A Confidence-Based Supervised-Autonomous Control Strategy for Robotic Vaginal Cuff Closure

IEEE Int Conf Robot Autom. 2021 May-Jun:2021:10.1109/icra48506.2021.9561685. doi: 10.1109/icra48506.2021.9561685. Epub 2021 Oct 18.

Abstract

Autonomous robotic suturing has the potential to improve surgery outcomes by leveraging accuracy, repeatability, and consistency compared to manual operations. However, achieving full autonomy in complex surgical environments is not practical and human supervision is required to guarantee safety.
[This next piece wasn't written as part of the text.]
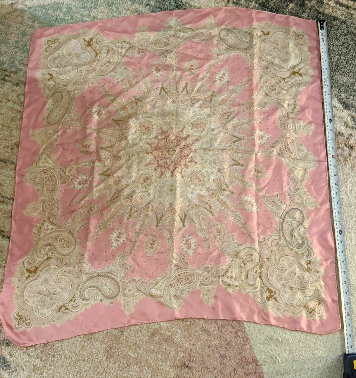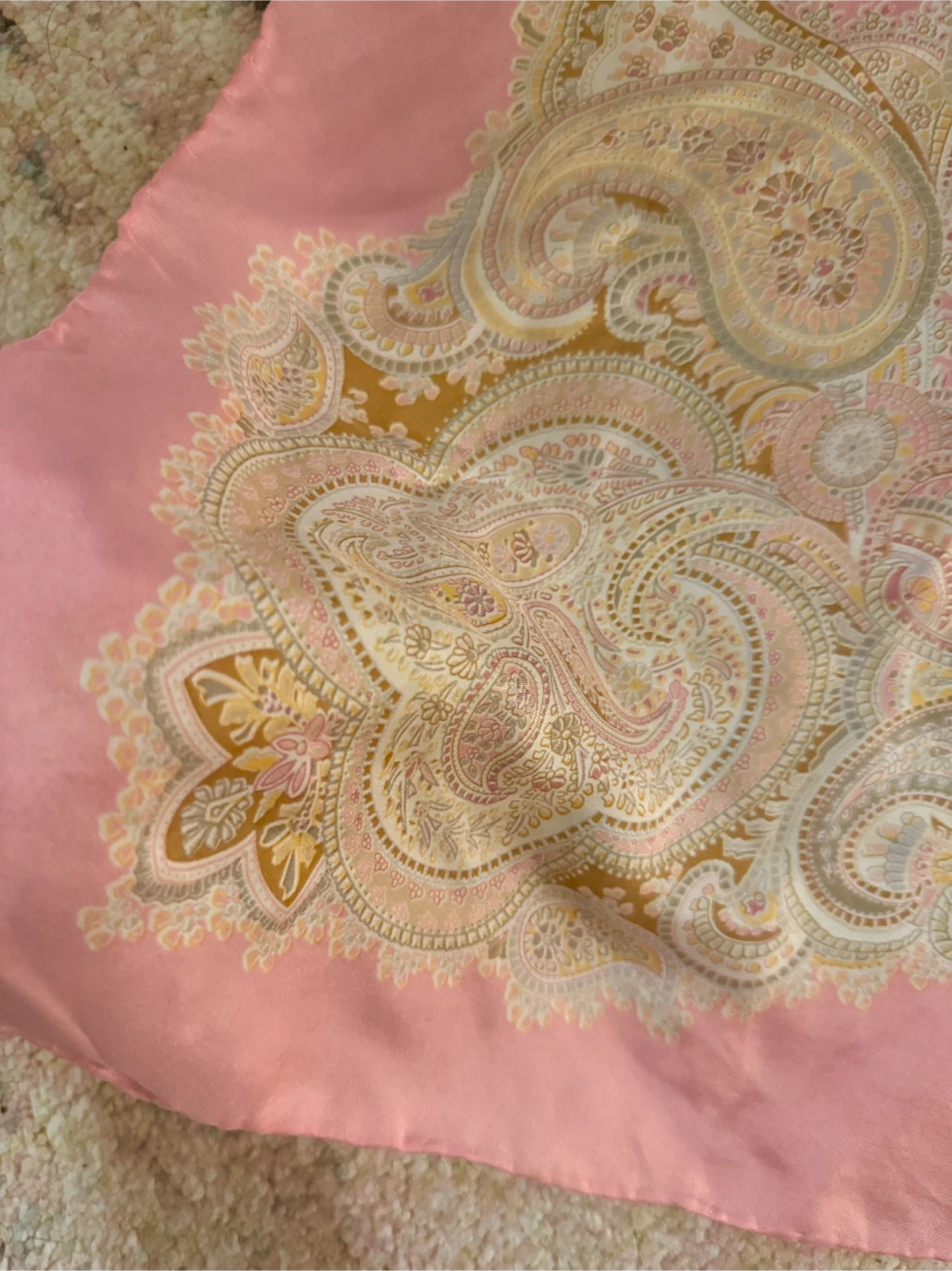 Buy & SellPink Paisley ScarfPink Paisley Scarf$15Selling a silk super soft pink scarf with a paisley pattern! It's in great condition and would be a lovely addition to any outfit!ConditionLike newSize84 cm X 84 cmWHERE TO MEETTIFF Bell LightboxView MapSELLERverifiedHasti HEntertainment District1919 reviews0 chats·0 favorites·20 views

In this paper, we develop a confidence-based supervised autonomous suturing method to perform robotic suturing tasks via both Smart Tissue Autonomous Robot (STAR) and surgeon collaboratively with the highest possible degree of autonomy. Via the proposed method, STAR performs autonomous suturing when highly confident and otherwise asks the operator for possible assistance in suture positioning adjustments. We evaluate the accuracy of our proposed control method via robotic suturing tests on synthetic vaginal cuff tissues and compare them to the results of vaginal cuff closures performed by an experienced surgeon. Our test results indicate that by using the proposed confidence-based method, STAR can predict the success of pure autonomous suture placement with an accuracy of 94.74%. Moreover, via an additional 25% human intervention, STAR can achieve a 98.1% suture placement accuracy compared to an 85.4% accuracy of completely autonomous robotic suturing. Finally, our experiment results indicate that STAR using the proposed method achieves 1.6 times better consistency in suture spacing and 1.8 times better consistency in suture bite sizes than the manual results.